*** Opening Data to process ***

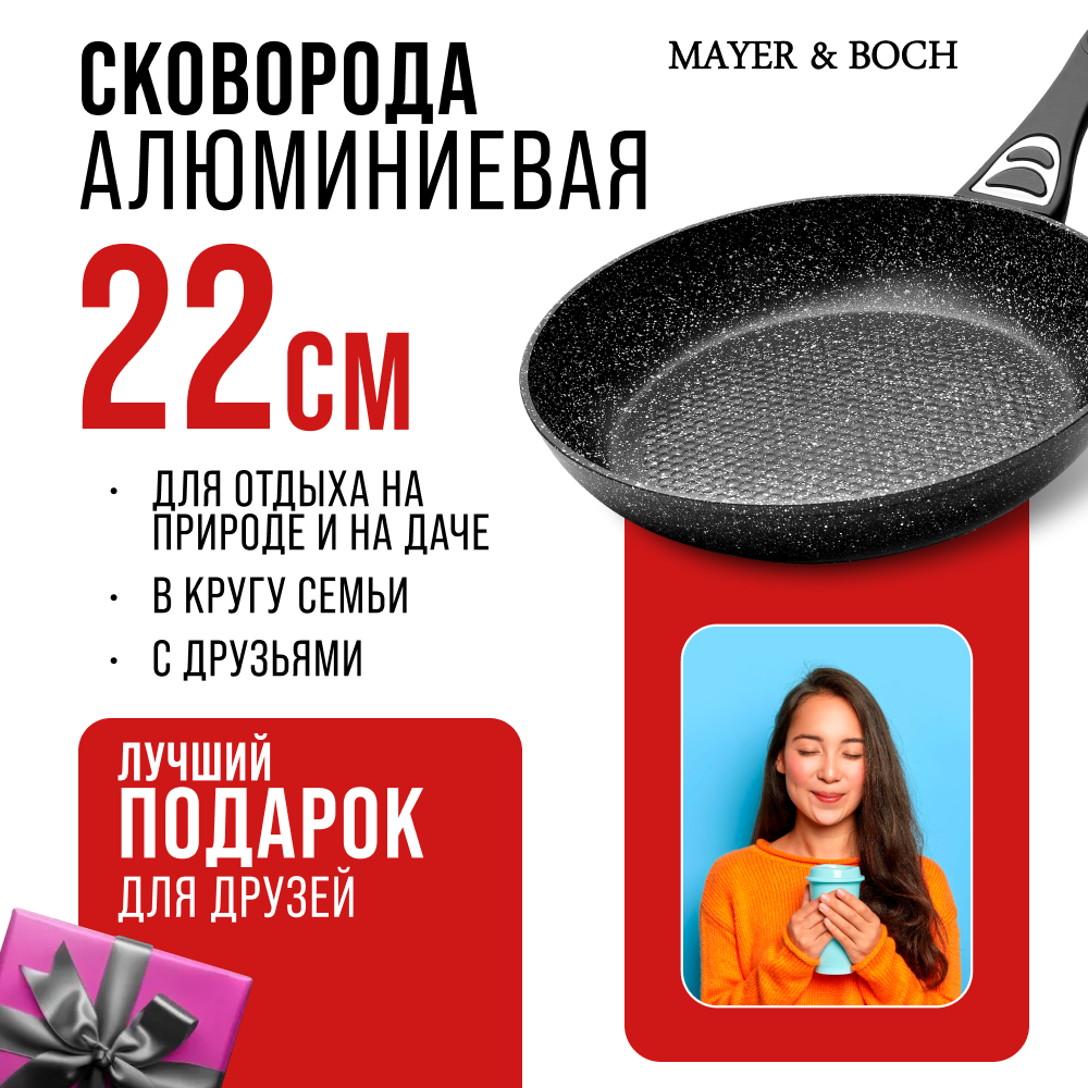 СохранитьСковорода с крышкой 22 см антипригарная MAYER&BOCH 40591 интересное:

*** Closing Data to process ***
*** Opening Data to process ***

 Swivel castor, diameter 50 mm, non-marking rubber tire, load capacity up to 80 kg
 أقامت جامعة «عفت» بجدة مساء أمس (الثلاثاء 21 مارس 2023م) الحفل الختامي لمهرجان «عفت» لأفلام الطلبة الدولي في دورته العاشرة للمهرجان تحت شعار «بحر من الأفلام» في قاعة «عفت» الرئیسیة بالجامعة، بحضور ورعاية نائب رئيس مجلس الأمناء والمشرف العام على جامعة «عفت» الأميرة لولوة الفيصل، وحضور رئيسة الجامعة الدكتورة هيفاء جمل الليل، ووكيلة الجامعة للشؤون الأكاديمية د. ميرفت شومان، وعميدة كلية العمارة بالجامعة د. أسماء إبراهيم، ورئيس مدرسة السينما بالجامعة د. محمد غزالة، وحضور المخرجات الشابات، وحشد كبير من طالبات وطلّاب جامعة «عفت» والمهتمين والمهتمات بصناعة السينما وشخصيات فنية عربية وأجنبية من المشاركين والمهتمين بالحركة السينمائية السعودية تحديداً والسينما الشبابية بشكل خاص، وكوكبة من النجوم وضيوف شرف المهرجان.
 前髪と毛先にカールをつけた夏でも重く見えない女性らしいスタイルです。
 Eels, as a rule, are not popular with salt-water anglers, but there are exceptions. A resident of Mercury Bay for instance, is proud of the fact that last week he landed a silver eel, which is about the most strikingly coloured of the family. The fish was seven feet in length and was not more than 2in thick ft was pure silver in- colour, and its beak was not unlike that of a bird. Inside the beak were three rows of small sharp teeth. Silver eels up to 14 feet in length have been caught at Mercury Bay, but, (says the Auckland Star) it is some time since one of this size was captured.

*** Closing Data to process ***
*** Opening Data to process ***

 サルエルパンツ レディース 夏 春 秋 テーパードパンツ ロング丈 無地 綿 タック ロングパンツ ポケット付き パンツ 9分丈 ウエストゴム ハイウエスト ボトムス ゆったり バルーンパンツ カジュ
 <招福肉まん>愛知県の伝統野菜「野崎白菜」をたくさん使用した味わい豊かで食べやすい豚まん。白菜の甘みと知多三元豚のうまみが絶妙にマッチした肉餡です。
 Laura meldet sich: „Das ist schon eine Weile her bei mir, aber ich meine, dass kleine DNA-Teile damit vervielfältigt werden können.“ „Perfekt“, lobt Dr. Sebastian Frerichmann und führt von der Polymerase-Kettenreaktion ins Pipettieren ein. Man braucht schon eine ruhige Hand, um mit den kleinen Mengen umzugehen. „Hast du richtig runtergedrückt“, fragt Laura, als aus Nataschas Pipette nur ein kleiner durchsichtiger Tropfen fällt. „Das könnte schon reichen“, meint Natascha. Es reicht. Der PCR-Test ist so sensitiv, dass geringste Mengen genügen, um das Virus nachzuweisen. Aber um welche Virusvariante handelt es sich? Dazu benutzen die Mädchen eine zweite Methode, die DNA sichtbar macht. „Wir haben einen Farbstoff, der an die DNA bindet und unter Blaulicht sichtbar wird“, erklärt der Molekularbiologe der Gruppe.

*** Closing Data to process ***

Using the data above, reproduce exactly the lines from the line that contains "前髪と毛先にカールをつけた夏でも重く見えない女性らしいスタイルです。" through the line that contains "Eels, as a rule, are", including both.

(Result for this task)
 前髪と毛先にカールをつけた夏でも重く見えない女性らしいスタイルです。
 Eels, as a rule, are not popular with salt-water anglers, but there are exceptions. A resident of Mercury Bay for instance, is proud of the fact that last week he landed a silver eel, which is about the most strikingly coloured of the family. The fish was seven feet in length and was not more than 2in thick ft was pure silver in- colour, and its beak was not unlike that of a bird. Inside the beak were three rows of small sharp teeth. Silver eels up to 14 feet in length have been caught at Mercury Bay, but, (says the Auckland Star) it is some time since one of this size was captured.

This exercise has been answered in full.